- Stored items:
-.-.-
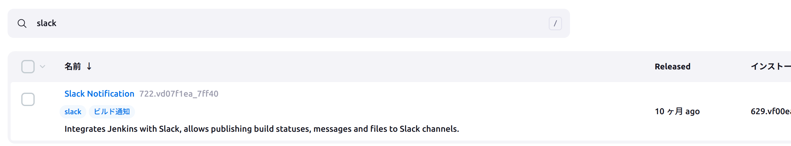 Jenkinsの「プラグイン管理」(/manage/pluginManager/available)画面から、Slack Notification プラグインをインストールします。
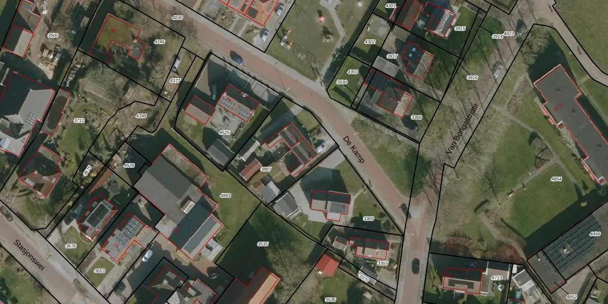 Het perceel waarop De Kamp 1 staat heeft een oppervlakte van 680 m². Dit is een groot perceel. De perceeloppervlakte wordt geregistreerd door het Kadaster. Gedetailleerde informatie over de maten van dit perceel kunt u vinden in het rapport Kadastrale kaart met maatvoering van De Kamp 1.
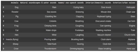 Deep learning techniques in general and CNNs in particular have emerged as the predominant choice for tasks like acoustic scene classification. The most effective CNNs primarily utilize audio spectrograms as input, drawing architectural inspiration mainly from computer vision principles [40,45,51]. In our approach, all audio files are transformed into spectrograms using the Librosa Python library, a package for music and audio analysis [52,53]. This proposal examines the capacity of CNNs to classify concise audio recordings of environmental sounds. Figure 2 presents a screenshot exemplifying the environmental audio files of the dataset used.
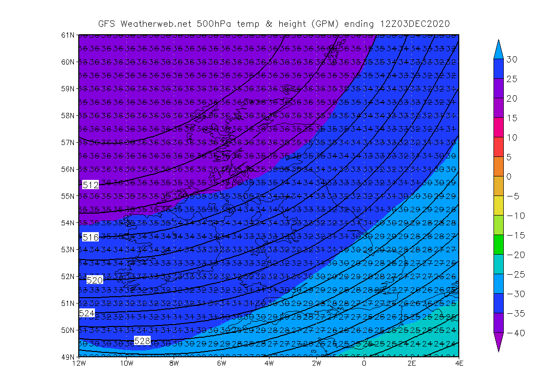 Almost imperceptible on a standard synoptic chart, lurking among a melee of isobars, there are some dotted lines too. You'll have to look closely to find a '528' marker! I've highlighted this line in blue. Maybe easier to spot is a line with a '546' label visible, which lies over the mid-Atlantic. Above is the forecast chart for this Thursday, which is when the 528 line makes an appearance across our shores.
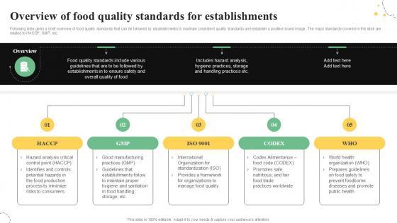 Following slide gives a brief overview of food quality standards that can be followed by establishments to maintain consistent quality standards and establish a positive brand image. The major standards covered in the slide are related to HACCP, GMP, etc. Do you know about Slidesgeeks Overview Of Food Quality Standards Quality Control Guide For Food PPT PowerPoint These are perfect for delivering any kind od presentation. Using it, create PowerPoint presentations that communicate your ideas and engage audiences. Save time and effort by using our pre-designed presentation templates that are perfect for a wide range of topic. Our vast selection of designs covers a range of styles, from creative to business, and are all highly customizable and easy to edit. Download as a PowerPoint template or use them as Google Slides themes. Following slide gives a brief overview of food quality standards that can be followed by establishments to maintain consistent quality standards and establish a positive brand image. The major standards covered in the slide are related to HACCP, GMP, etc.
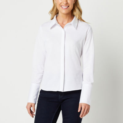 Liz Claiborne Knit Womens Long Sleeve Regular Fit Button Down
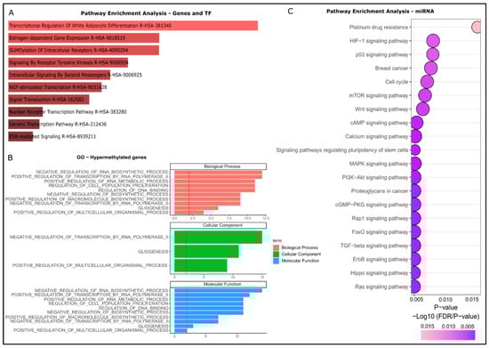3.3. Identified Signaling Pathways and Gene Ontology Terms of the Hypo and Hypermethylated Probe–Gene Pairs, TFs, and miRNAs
-.-.-
- Task requirements:
Only the lines above starting with the line with "Deep learning techniques" and going on through the line with "Almost imperceptible on" belong in the answer; repeat them exactly, minus any picture.

- Expected output:
 Deep learning techniques in general and CNNs in particular have emerged as the predominant choice for tasks like acoustic scene classification. The most effective CNNs primarily utilize audio spectrograms as input, drawing architectural inspiration mainly from computer vision principles [40,45,51]. In our approach, all audio files are transformed into spectrograms using the Librosa Python library, a package for music and audio analysis [52,53]. This proposal examines the capacity of CNNs to classify concise audio recordings of environmental sounds. Figure 2 presents a screenshot exemplifying the environmental audio files of the dataset used.
 Almost imperceptible on a standard synoptic chart, lurking among a melee of isobars, there are some dotted lines too. You'll have to look closely to find a '528' marker! I've highlighted this line in blue. Maybe easier to spot is a line with a '546' label visible, which lies over the mid-Atlantic. Above is the forecast chart for this Thursday, which is when the 528 line makes an appearance across our shores.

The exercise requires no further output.